Find the line that contains "5月1日(金) 1年数学科「正負の数 加法」須波教諭のオンライン授業を「生徒・保護者ページ」に掲載しました。". Copy it and every line after it to the end of the material below, exactly, with no pictures.

**Source material**
--------------------------------
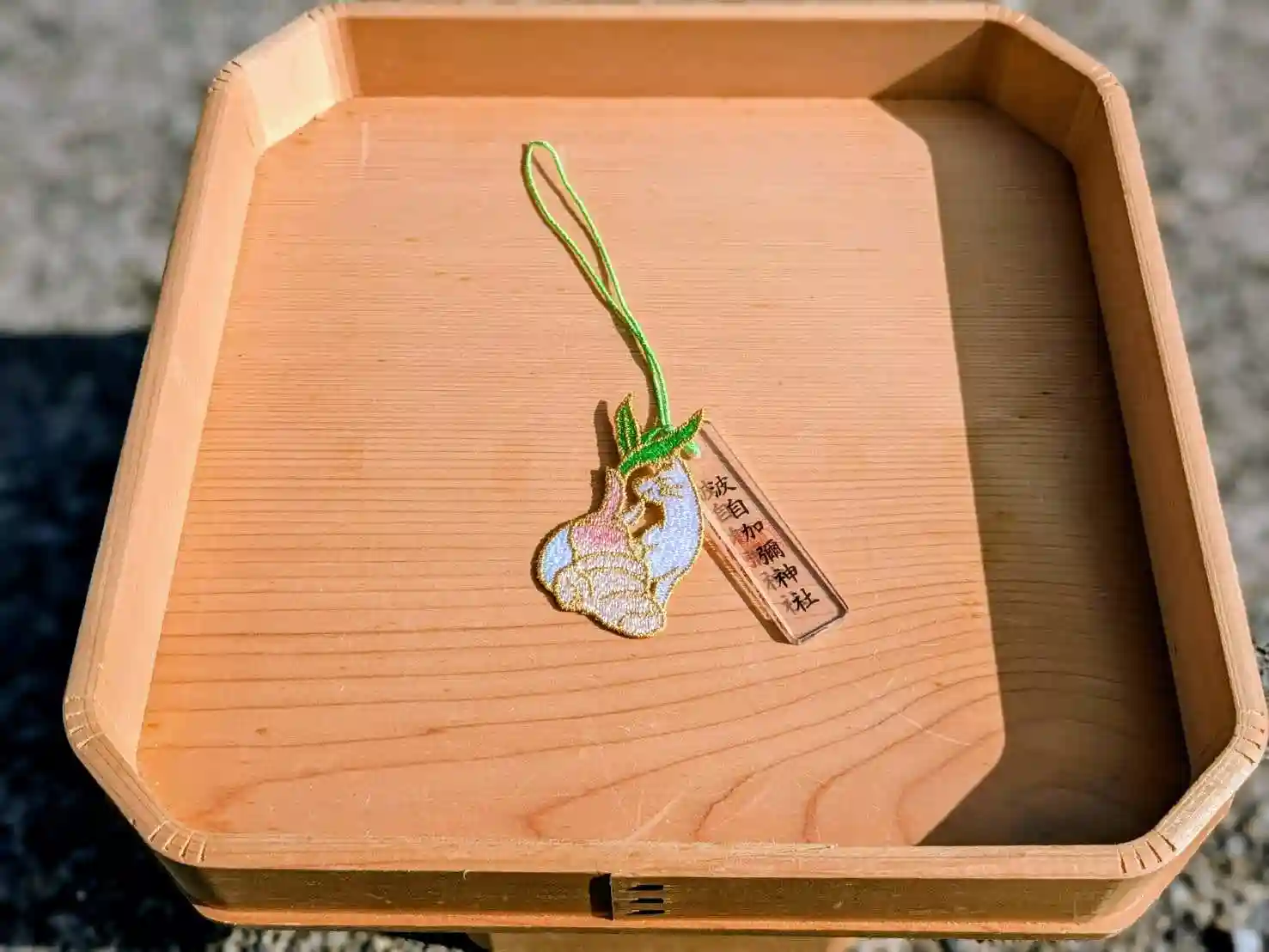 レース素材を使用したお守りで、『白狐』と『新しょうが』が描かれております。 四季開運守の様に透明なお守りと一緒にして授与します。
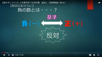 5月1日(金) 1年数学科「正負の数 加法」須波教諭のオンライン授業を「生徒・保護者ページ」に掲載しました。
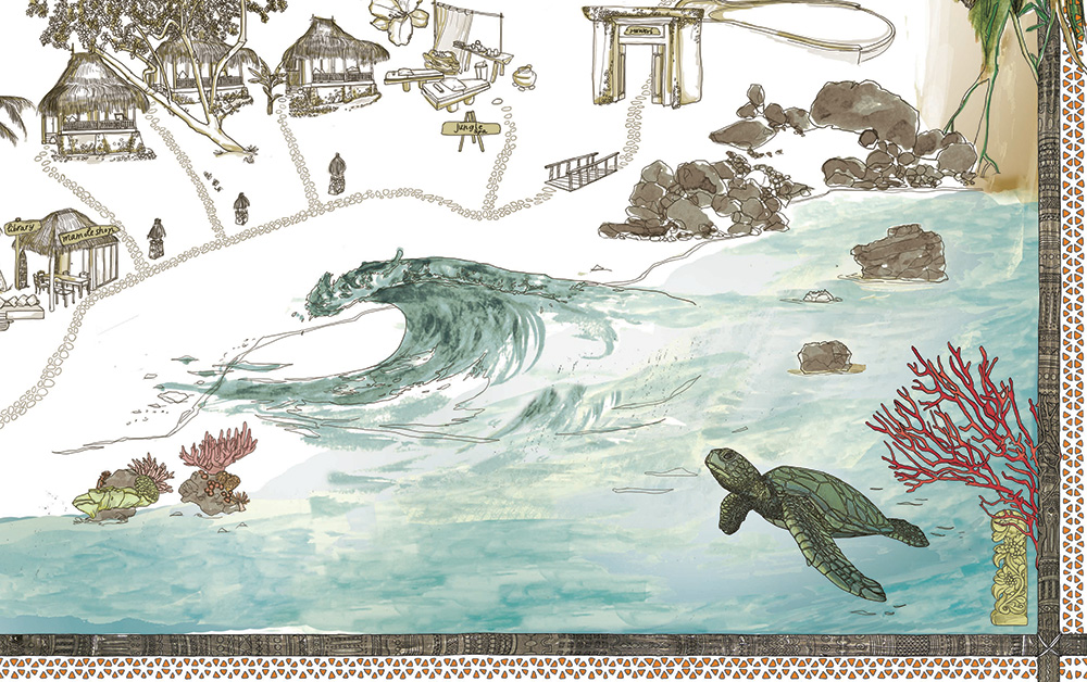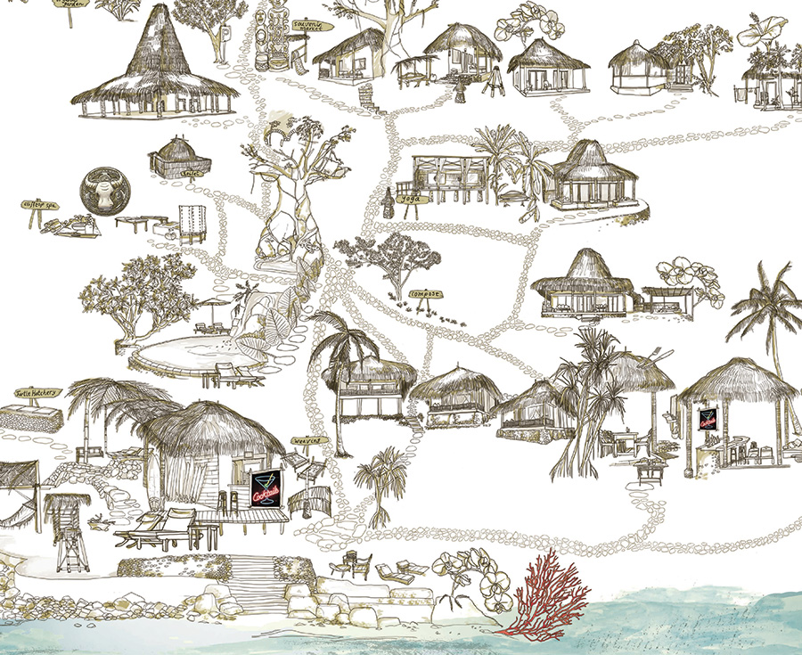 2015 & 2013 – For Nihiwatu — a remote luxury resort on Sumba known for its untouched nature, deep cultural roots, and the world-famous surf break God’s Left — I created an illustrated map capturing the character of the island and the resort. The artwork highlights key locations, natural landmarks, its iconic wave and birds to spot in the wild. It serves both as a practical guide for guests and a visual celebration of the island.
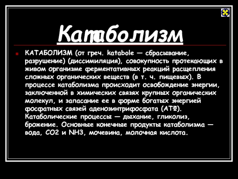 живом организме ферментативных реакций расщепления сложных органических веществ (в т. ч. пищевых). В процессе катаболизма происходит освобождение энергии, заключенной в химических связях крупных органических молекул, и запасание ее в форме богатых энергией фосфатных связей аденозинтрифосфата (АТФ). Катаболические процессы — дыхание, гликолиз, брожение. Основные конечные продукты катаболизма — вода, CO2 и NH3, мочевина, молочная кислота.
--------------------------------
**The completed task**
 5月1日(金) 1年数学科「正負の数 加法」須波教諭のオンライン授業を「生徒・保護者ページ」に掲載しました。
 2015 & 2013 – For Nihiwatu — a remote luxury resort on Sumba known for its untouched nature, deep cultural roots, and the world-famous surf break God’s Left — I created an illustrated map capturing the character of the island and the resort. The artwork highlights key locations, natural landmarks, its iconic wave and birds to spot in the wild. It serves both as a practical guide for guests and a visual celebration of the island.
 живом организме ферментативных реакций расщепления сложных органических веществ (в т. ч. пищевых). В процессе катаболизма происходит освобождение энергии, заключенной в химических связях крупных органических молекул, и запасание ее в форме богатых энергией фосфатных связей аденозинтрифосфата (АТФ). Катаболические процессы — дыхание, гликолиз, брожение. Основные конечные продукты катаболизма — вода, CO2 и NH3, мочевина, молочная кислота.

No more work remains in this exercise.